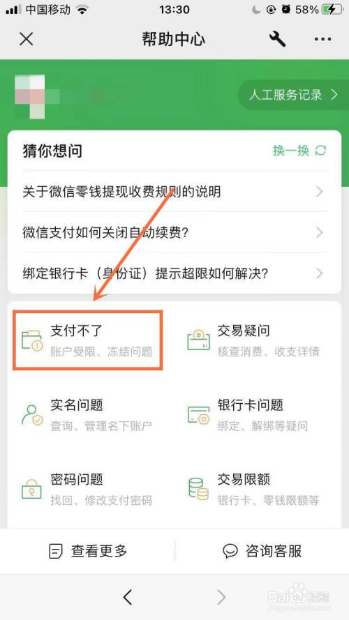 在帮忙中间,点击【支付不了】。
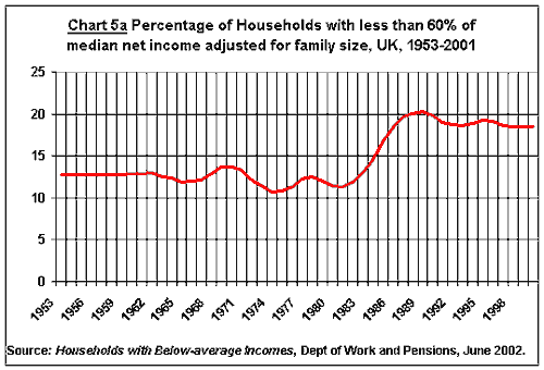 Then in the middle nineteen-eighties, condition (2) went sharply in the wrong direction. Between 1985 the proportion of households below 60% of the median net income rose from 10% to 20%. (See Chart 5a)
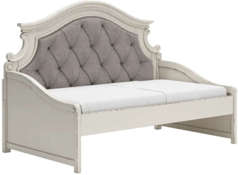 Elevating the art of traditional cottage styling, this darling day bed is your dream bedroom retreat realized. A curvaceous beauty, the plushly upholstered headboard wows with dramatic scalloped details and fanciful trim work. The distressed chipped white finish charms with its heirloom appeal.Read More
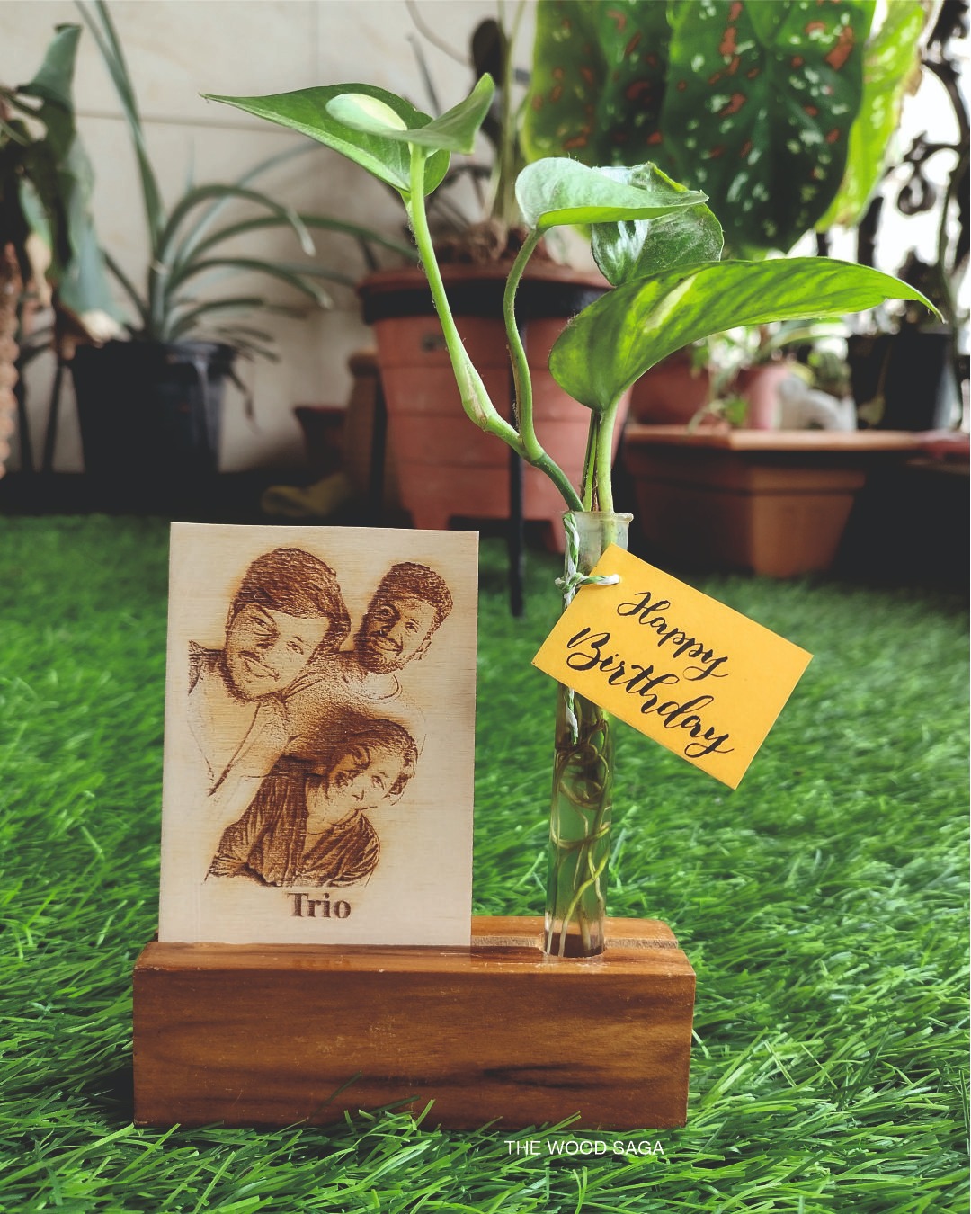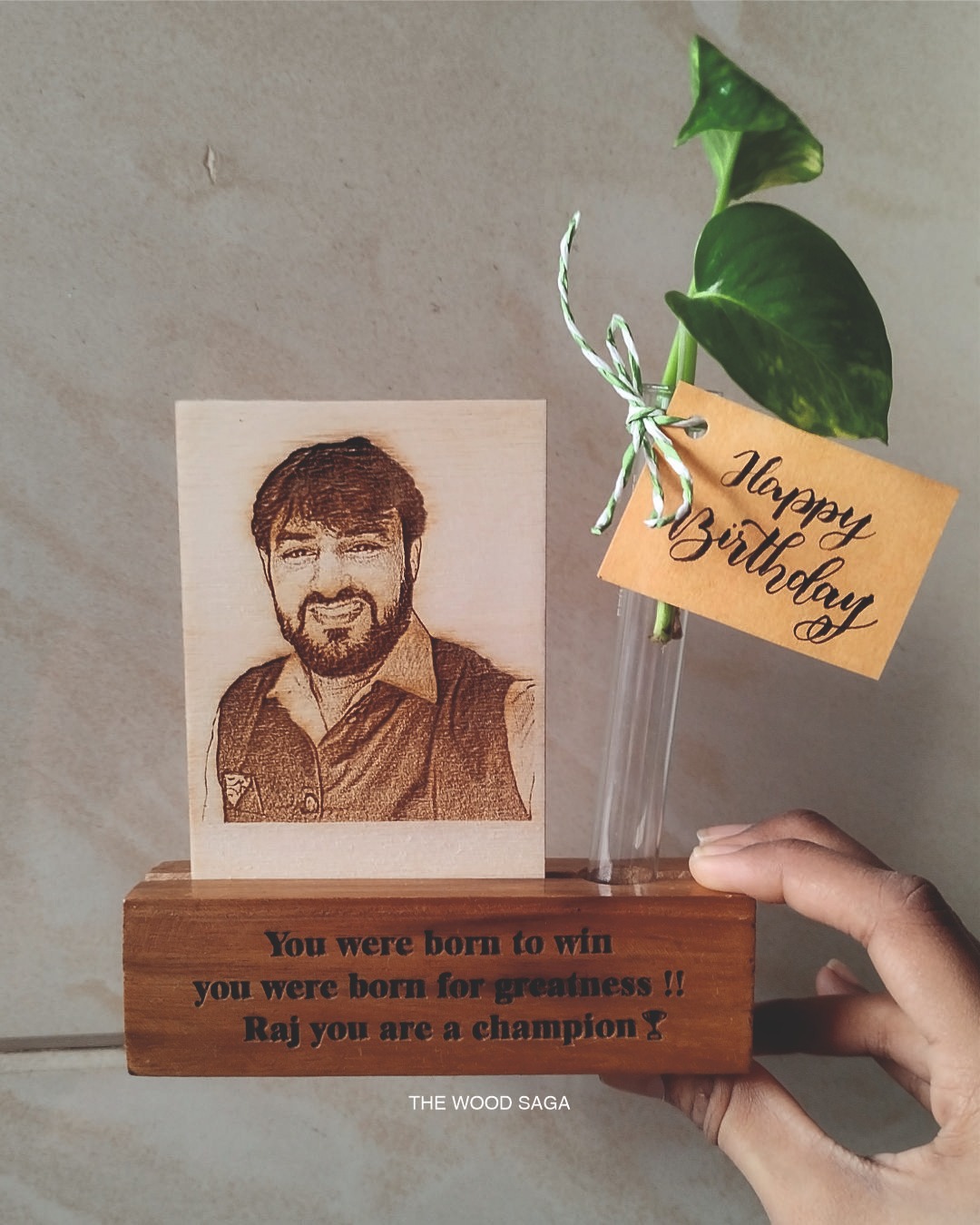 This handcrafted wooden tabletop planter holds more than just a plant—it holds a moment. With a personalized photo engraved on wood and a minimalist glass planter, it’s a beautiful reminder that love, like nature, grows with care. A thoughtful gift for loved ones or a meaningful addition to your own space.

──────────

◆ **Exercise**
Without copying any picture, repeat the full listing above word for word.

◆ **Finished task**
 在帮忙中间,点击【支付不了】。
 Then in the middle nineteen-eighties, condition (2) went sharply in the wrong direction. Between 1985 the proportion of households below 60% of the median net income rose from 10% to 20%. (See Chart 5a)
 Elevating the art of traditional cottage styling, this darling day bed is your dream bedroom retreat realized. A curvaceous beauty, the plushly upholstered headboard wows with dramatic scalloped details and fanciful trim work. The distressed chipped white finish charms with its heirloom appeal.Read More
 This handcrafted wooden tabletop planter holds more than just a plant—it holds a moment. With a personalized photo engraved on wood and a minimalist glass planter, it’s a beautiful reminder that love, like nature, grows with care. A thoughtful gift for loved ones or a meaningful addition to your own space.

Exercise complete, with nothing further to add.